╭──

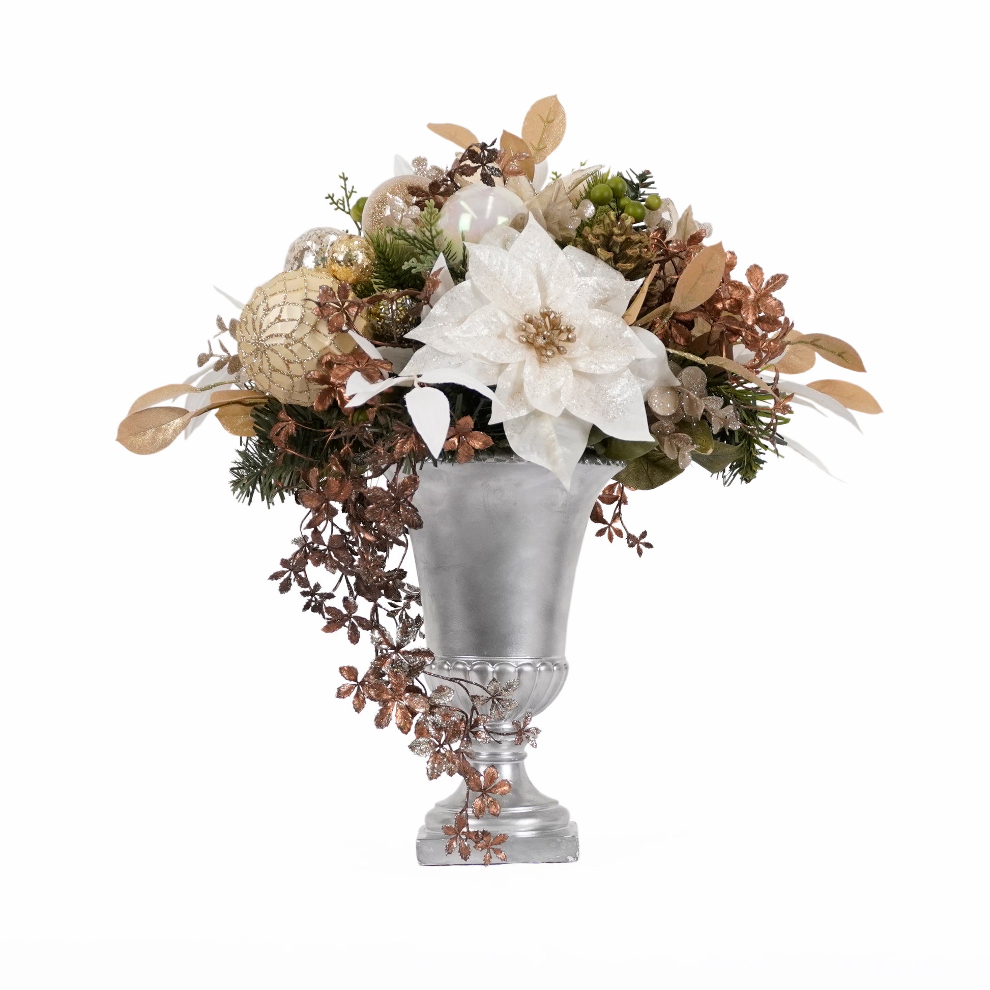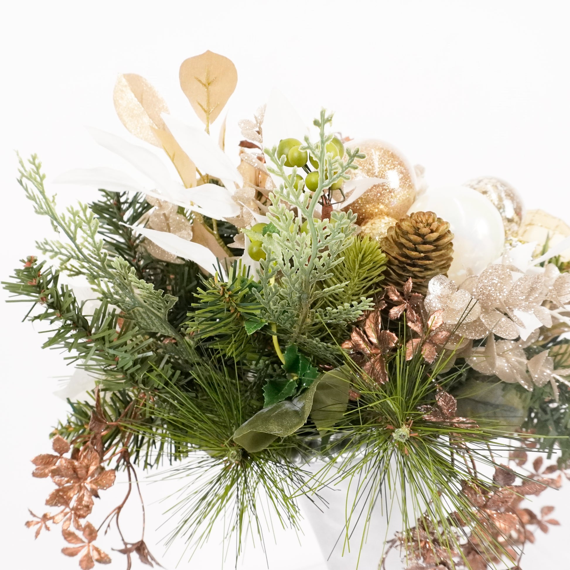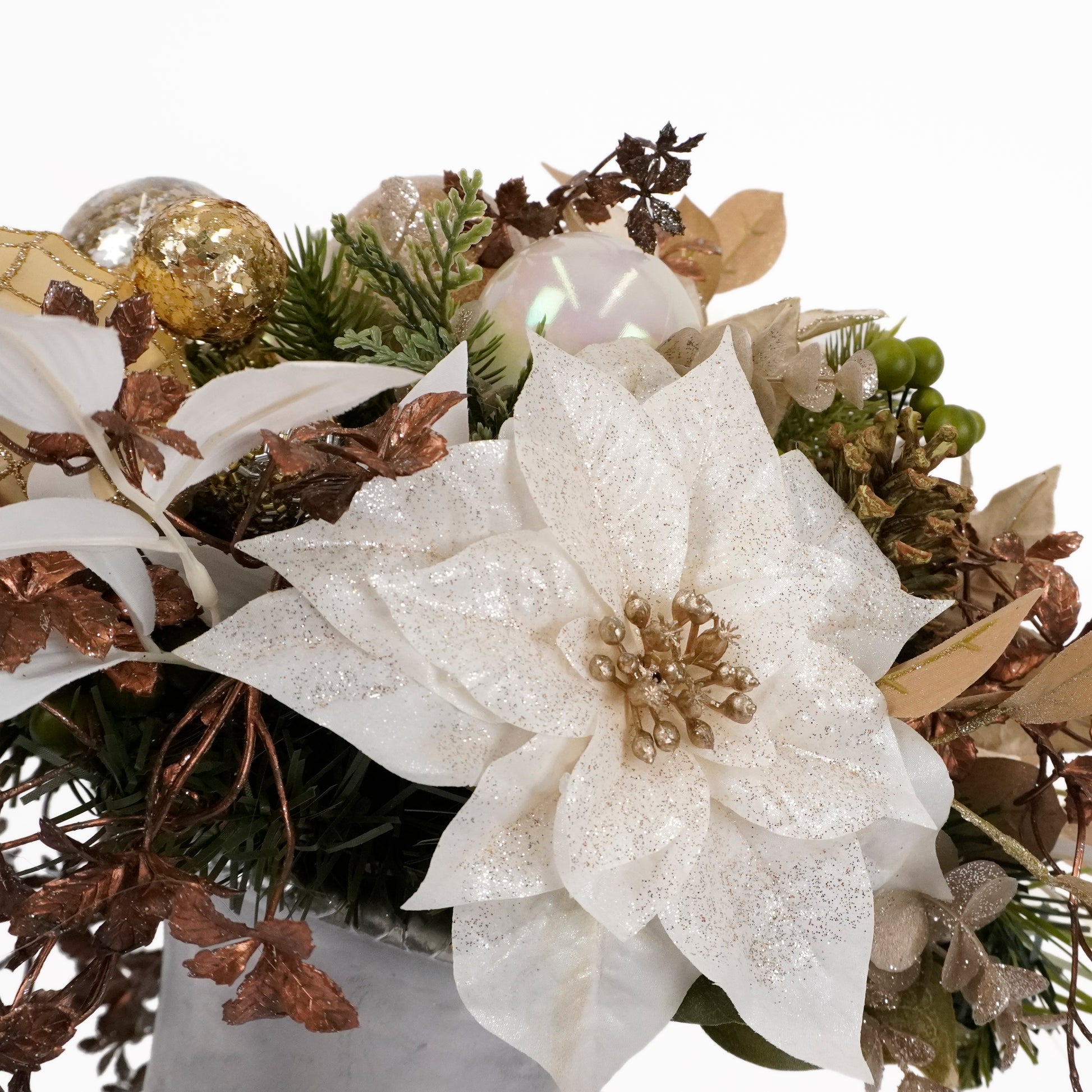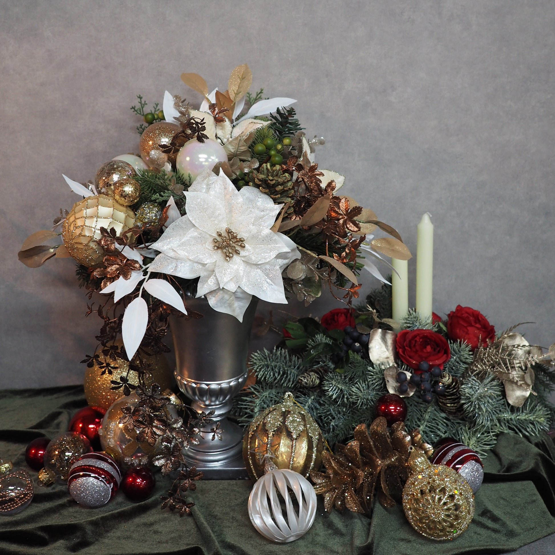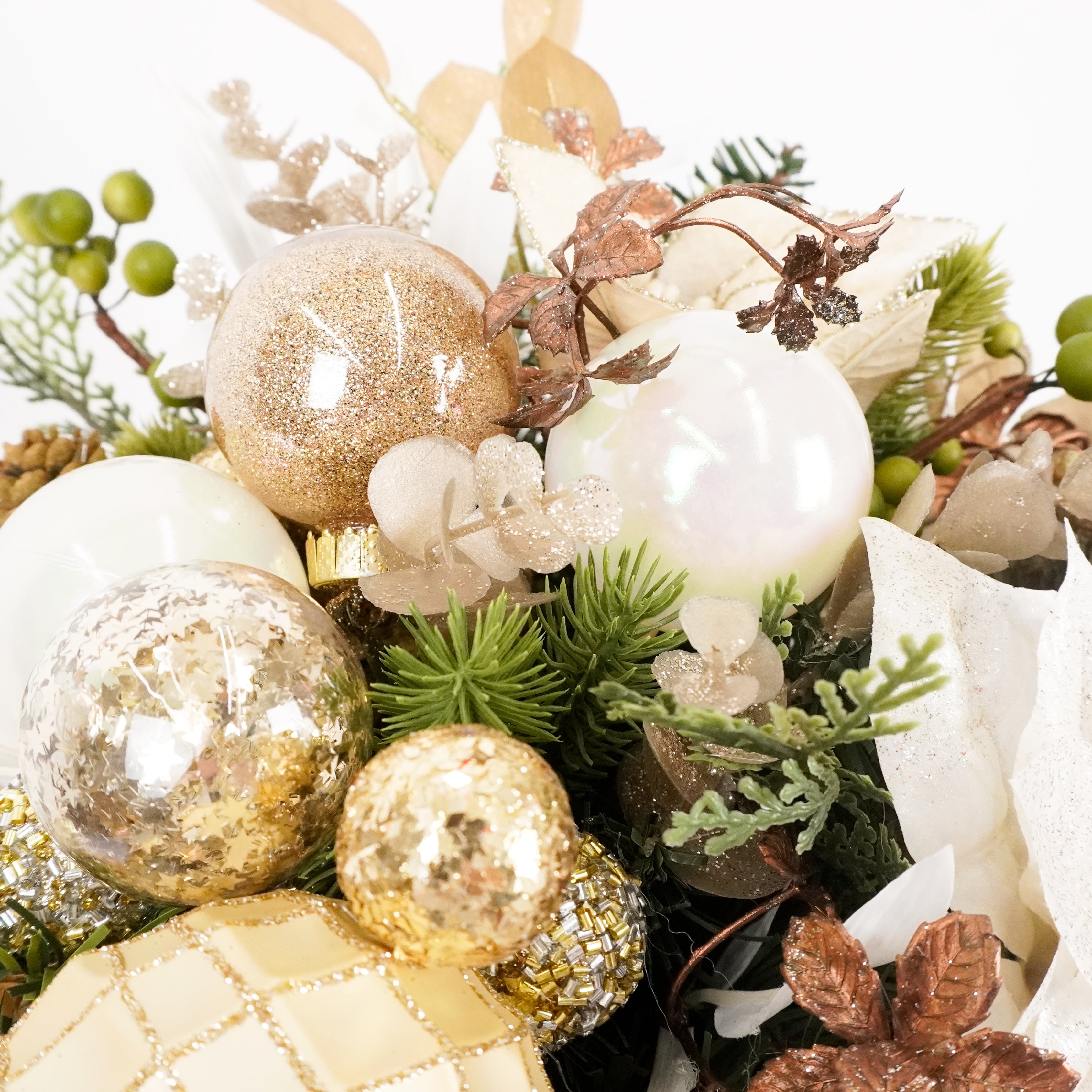 ホリデーシーズンをゴージャスに彩る、ホワイトポインセチアのアレンジメント
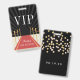 Create an atmosphere of Hollywood glam at your bat mitzvah celebration with these personalized VIP passes. Customizable badge features a red carpet and velvet rope background with "VIP" and two lines of custom text. Add additional text to the reverse side, topped with blush and gold confetti dots. Badges can also be personalized with each individual guest's name if desired.
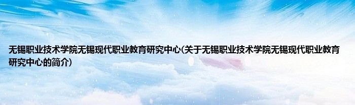 无锡职业技术学院无锡现代职业教育研究中心(关于无锡职业技术学院无锡现代职业教育研究中心的简介)
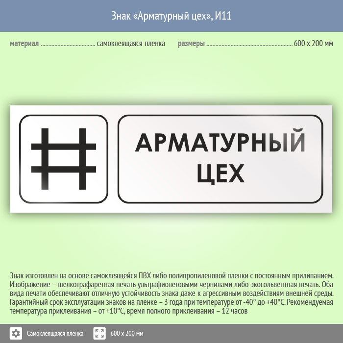Знак «Арматурный цех», И11 (пленка, 600х200 мм) в Курске купить
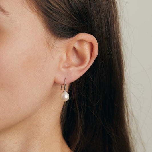 Pendant d'oreilles Argent Rhodié perle d'eau douce blanc, 2 Perles, 8.5 mm
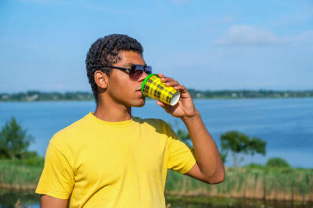 African American man in sunglasses enjoying the taste of coffee outdoor in summer near river.
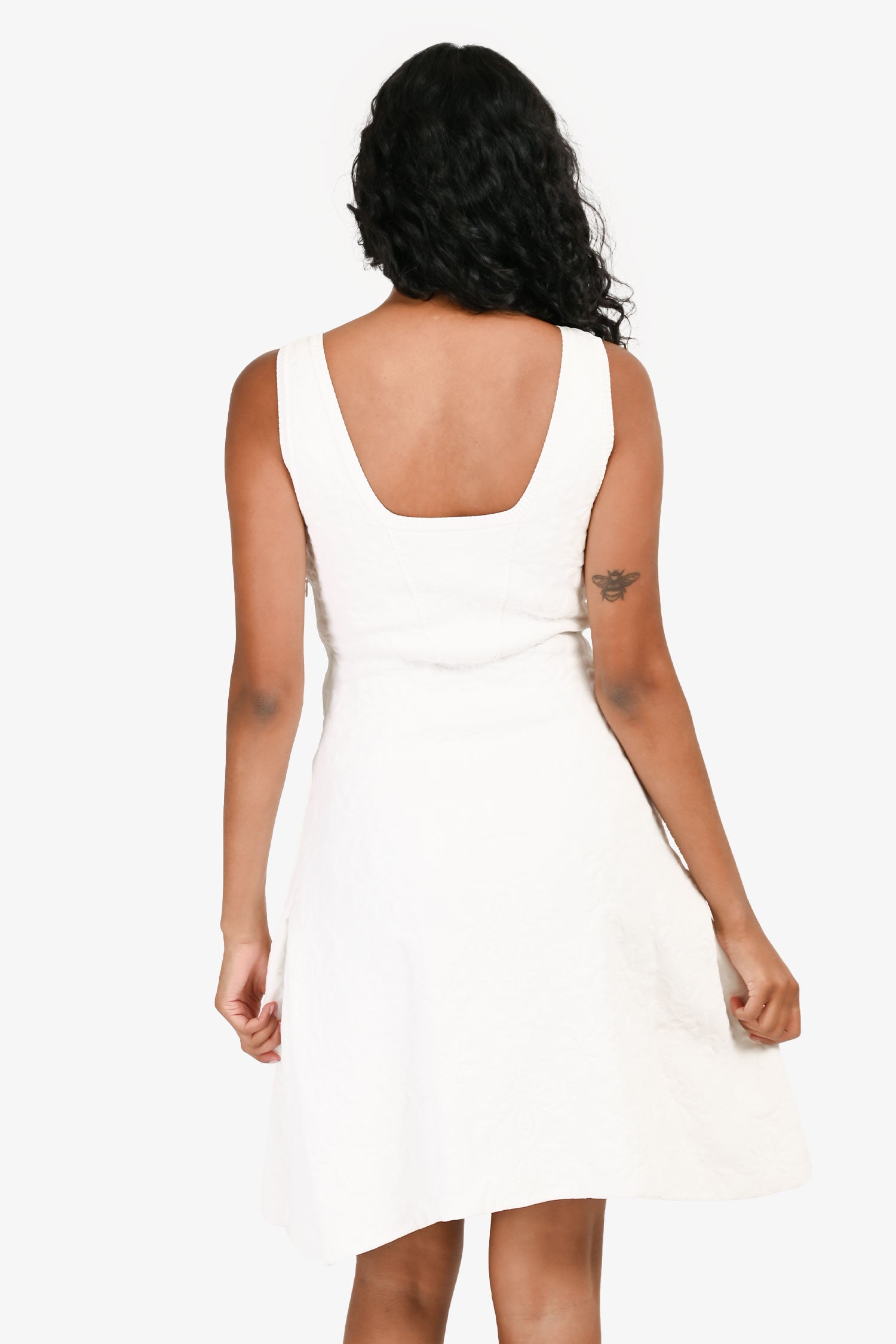 Refresh availabilityPre-Loved Chanel™ White Jacquard Knit Sleeveless Dress. Scoop neckline. Hidden side YKK zip closure. Tonal stitching.

╰──

* [WHAT NEEDS TO BE DONE]
Although the records include pictures, the copy should reproduce every line exactly and none of the pictures.

* [RESPONSE TO THIS EXERCISE]
 ホリデーシーズンをゴージャスに彩る、ホワイトポインセチアのアレンジメント
 Create an atmosphere of Hollywood glam at your bat mitzvah celebration with these personalized VIP passes. Customizable badge features a red carpet and velvet rope background with "VIP" and two lines of custom text. Add additional text to the reverse side, topped with blush and gold confetti dots. Badges can also be personalized with each individual guest's name if desired.
 无锡职业技术学院无锡现代职业教育研究中心(关于无锡职业技术学院无锡现代职业教育研究中心的简介)
Знак «Арматурный цех», И11 (пленка, 600х200 мм) в Курске купить
 Pendant d'oreilles Argent Rhodié perle d'eau douce blanc, 2 Perles, 8.5 mm
 African American man in sunglasses enjoying the taste of coffee outdoor in summer near river.
 Refresh availabilityPre-Loved Chanel™ White Jacquard Knit Sleeveless Dress. Scoop neckline. Hidden side YKK zip closure. Tonal stitching.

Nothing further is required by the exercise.